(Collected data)
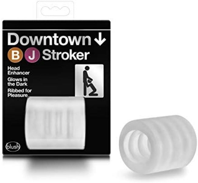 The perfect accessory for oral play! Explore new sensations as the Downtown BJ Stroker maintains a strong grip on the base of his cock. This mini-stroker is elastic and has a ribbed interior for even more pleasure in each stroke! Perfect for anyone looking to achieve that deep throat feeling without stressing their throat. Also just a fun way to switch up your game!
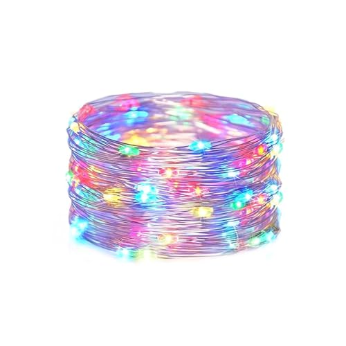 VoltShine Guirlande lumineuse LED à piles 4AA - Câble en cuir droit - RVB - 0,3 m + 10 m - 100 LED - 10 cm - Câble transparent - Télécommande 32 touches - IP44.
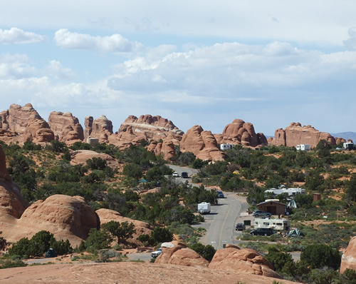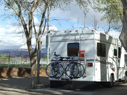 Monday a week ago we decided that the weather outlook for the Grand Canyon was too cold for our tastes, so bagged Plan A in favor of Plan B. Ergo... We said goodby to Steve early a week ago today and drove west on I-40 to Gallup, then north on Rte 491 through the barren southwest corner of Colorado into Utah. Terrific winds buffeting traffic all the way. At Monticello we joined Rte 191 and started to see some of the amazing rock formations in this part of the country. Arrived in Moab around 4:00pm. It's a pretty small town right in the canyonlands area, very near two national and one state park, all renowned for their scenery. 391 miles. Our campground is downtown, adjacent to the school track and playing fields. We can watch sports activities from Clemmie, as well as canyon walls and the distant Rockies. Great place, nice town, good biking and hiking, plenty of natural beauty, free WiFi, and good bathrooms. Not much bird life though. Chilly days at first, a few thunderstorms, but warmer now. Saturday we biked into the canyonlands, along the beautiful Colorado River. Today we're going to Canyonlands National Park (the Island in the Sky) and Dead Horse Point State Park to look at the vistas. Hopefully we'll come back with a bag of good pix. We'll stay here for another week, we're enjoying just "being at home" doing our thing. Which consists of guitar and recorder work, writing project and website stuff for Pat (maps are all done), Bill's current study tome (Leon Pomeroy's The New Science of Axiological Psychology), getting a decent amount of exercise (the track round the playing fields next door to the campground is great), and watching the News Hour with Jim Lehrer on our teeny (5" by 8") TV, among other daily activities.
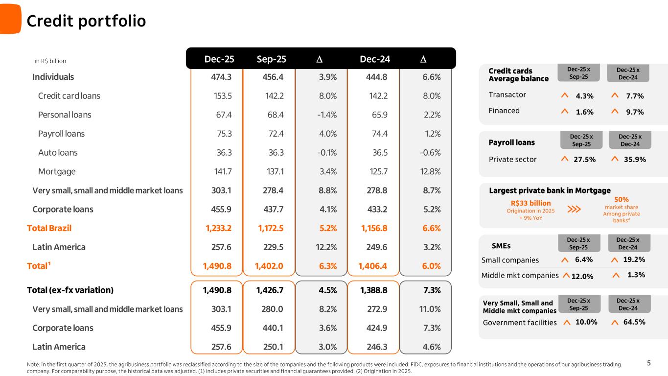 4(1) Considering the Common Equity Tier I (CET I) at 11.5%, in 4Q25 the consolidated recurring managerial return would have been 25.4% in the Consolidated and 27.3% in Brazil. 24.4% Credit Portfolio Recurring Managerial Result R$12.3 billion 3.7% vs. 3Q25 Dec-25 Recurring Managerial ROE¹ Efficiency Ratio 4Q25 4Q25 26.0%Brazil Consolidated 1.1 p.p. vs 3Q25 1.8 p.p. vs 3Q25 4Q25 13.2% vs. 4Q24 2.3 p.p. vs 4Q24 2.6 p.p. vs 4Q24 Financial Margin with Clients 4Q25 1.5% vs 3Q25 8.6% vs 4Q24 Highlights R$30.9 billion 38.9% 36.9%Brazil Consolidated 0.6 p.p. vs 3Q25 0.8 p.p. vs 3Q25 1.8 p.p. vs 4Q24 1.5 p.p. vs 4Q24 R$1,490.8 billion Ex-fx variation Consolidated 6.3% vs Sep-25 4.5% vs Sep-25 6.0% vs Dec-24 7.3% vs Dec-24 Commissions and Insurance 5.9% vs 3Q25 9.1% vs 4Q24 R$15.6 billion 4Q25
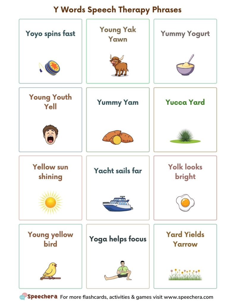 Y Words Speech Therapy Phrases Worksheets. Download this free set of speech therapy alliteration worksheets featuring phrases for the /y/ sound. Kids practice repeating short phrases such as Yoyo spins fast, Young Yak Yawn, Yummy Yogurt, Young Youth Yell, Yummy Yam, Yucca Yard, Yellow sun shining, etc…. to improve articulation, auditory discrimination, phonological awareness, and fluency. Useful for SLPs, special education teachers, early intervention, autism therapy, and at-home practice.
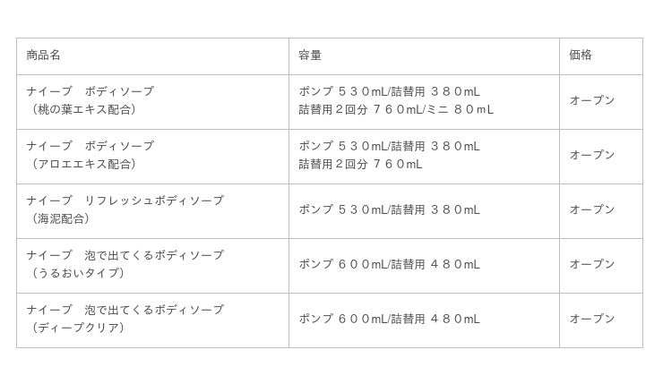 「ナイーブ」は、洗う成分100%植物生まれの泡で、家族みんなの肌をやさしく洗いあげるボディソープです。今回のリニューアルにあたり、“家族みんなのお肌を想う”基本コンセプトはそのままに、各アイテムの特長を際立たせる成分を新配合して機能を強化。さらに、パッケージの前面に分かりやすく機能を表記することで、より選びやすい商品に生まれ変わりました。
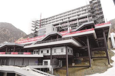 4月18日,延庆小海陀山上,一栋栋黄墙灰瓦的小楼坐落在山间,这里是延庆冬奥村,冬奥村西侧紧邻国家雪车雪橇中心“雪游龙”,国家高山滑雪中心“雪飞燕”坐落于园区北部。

---

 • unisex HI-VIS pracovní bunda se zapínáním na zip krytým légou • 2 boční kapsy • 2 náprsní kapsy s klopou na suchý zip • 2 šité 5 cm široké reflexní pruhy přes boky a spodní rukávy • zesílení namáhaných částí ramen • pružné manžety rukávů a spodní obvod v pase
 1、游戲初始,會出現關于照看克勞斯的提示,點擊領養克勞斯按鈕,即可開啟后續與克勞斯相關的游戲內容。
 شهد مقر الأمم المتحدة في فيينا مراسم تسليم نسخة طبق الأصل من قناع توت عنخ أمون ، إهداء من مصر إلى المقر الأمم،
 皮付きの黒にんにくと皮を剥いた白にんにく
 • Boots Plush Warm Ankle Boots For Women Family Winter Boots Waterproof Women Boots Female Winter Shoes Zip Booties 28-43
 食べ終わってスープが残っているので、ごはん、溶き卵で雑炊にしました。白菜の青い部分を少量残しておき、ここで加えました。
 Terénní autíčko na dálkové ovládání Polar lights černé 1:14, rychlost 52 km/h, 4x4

→ **Goal of the exercise**:
Starting at the line above that holds "شهد مقر الأمم" and ending at the line that holds "Terénní autíčko na", transcribe each line exactly and include no other lines.

→ **Result below**:
 شهد مقر الأمم المتحدة في فيينا مراسم تسليم نسخة طبق الأصل من قناع توت عنخ أمون ، إهداء من مصر إلى المقر الأمم،
 皮付きの黒にんにくと皮を剥いた白にんにく
 • Boots Plush Warm Ankle Boots For Women Family Winter Boots Waterproof Women Boots Female Winter Shoes Zip Booties 28-43
 食べ終わってスープが残っているので、ごはん、溶き卵で雑炊にしました。白菜の青い部分を少量残しておき、ここで加えました。
 Terénní autíčko na dálkové ovládání Polar lights černé 1:14, rychlost 52 km/h, 4x4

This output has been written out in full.